All great advice given.

With pen, give it SQ.

Being fat doesn't help.


----------



## packhillboers (Feb 2, 2011)

Oh good. SQ will be so much easier to give. Thanks so much.


----------



## toth boer goats (Jul 20, 2008)

You bet.


----------



## Tenacross (May 26, 2011)

packhillboers said:


> This Doe, Abelene is seeming to be in an ongoing heat cycle asking to be with buck everyday. Early this morning she is out there yelling and wagging her tail by the gate wanting to be in with buck which has been going on for a week now. .

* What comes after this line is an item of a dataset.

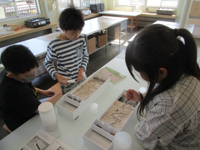 5年生の理科では、流れる水のはたらきを確かめる実験を行いました。実験装置に砂を入れ、細い溝を作って、水を流します。水と一緒に砂が流れていく様子や、斜面の下に砂がたまる様子を観察し、流れる水のはたらきを見出していました。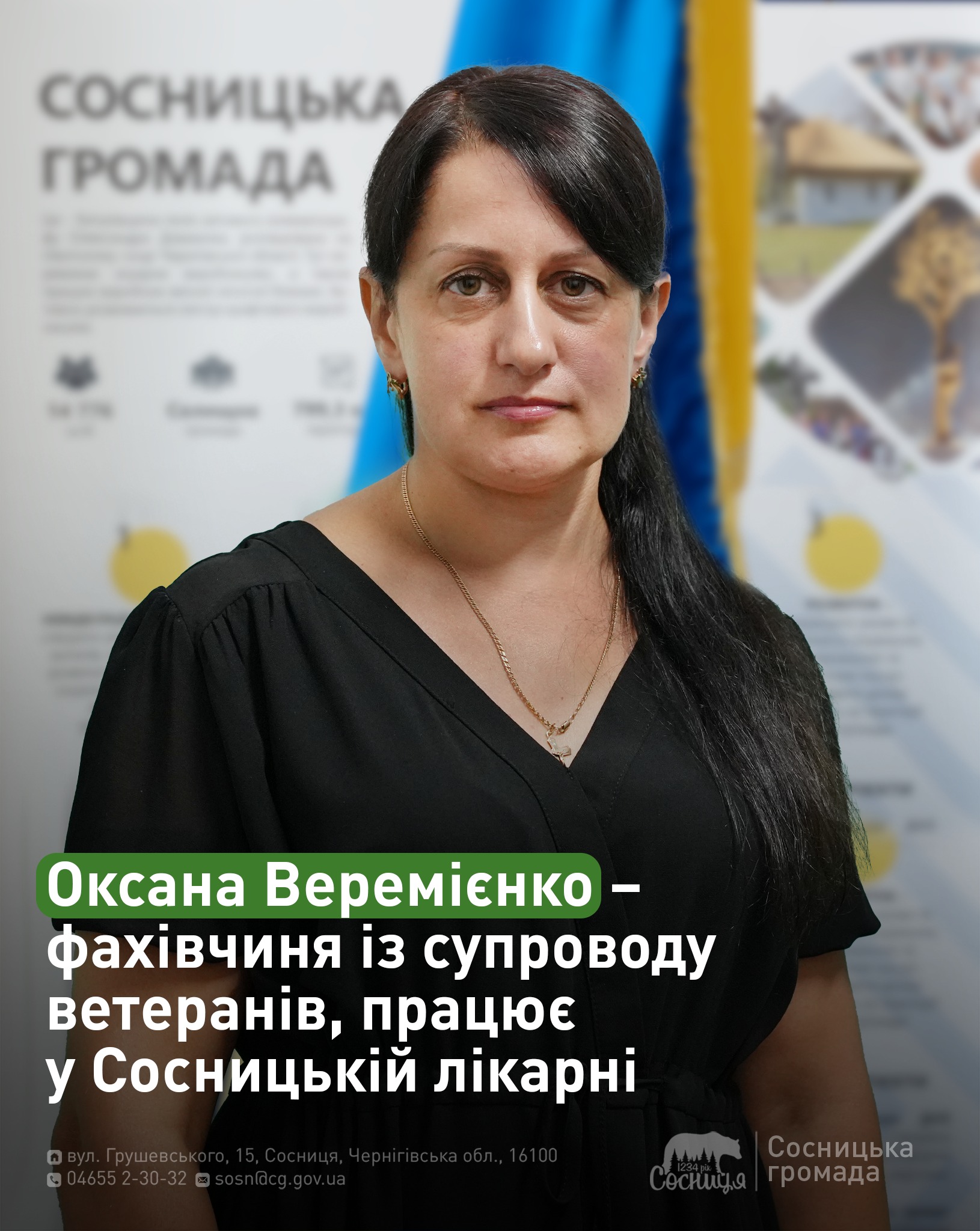 Знайомтесь – Веремієнко Оксана Олексіївна. Її кабінет наразі тимчасово розташований у приймальні директора Сосницької лікарні – поки триває облаштування її власного робочого простору.

If she was mine, she'd be getting a shot of cystorellin *pronto*.


----------



## happybleats (Sep 12, 2010)

With constant heat cycles, I vote she is cystic. If it were she was just fat, then her cycles wouldn't be allover the chart...A vet I spoke to about my Doe, Bell feels she is too fat, not cystic....her heat cycles are normal...So we are fixing a place to dry lot her. Vet says not even allow grazing...Just a bit of daily hay and handful of Chaf...it will be hard....I like feeding my goats and she LOVES to eat lol...The vets called her an Easy keeper!! HA....not so easy when you have to pen separate. but I guess she can survive on much less and still stay in good condition. Anyway...I hope this works...Ill keep you posted. 
Hope you doe settles for you as well..


----------



## toth boer goats (Jul 20, 2008)

How is it going Merry?


----------



## packhillboers (Feb 2, 2011)

Well after the round of penicillin, she ended up coming into what appears to be another cycle and amother blob of clear mucus with white was on the ground when she got up this morning. I'm working on deciding what to do. Not sure I will breed her or put her with buck even tho she badly wants to go with buck.


----------



## packhillboers (Feb 2, 2011)

This time it was two weeks between last episode so maybe it is another fake cycle. She has poor tail health..quite bald on tip.


----------



## toth boer goats (Jul 20, 2008)

Bald tip tail sounds like copper deficiency.


----------



## packhillboers (Feb 2, 2011)

Yes she has been having trouble I suppose with lacking copper. Not sure why but I will work some into her duet or give that giant horrendous copper pill that she absolutely hates.


----------



## toth boer goats (Jul 20, 2008)

Yes, give her the bolus if she is needing it. I know deficient bucks will get low libido and smaller testies, but not sure about Doe's. It may or may not be having some kind of effect on her, not sure. Worth a try.


----------



## Tenacross (May 26, 2011)

I said I would post back to this thread on my doe that was short cycling and not getting pregnant. We infused/flushed with penicillin, intrauterine, when she was in heat and she took on the next cycle.


----------



## ksalvagno (Oct 6, 2009)

That is great you were able to clear it up.


----------



## nicolemackenzie (Dec 27, 2014)

Tenacross; how much penicillin did you use intrauterine? How difficult was it to get in there?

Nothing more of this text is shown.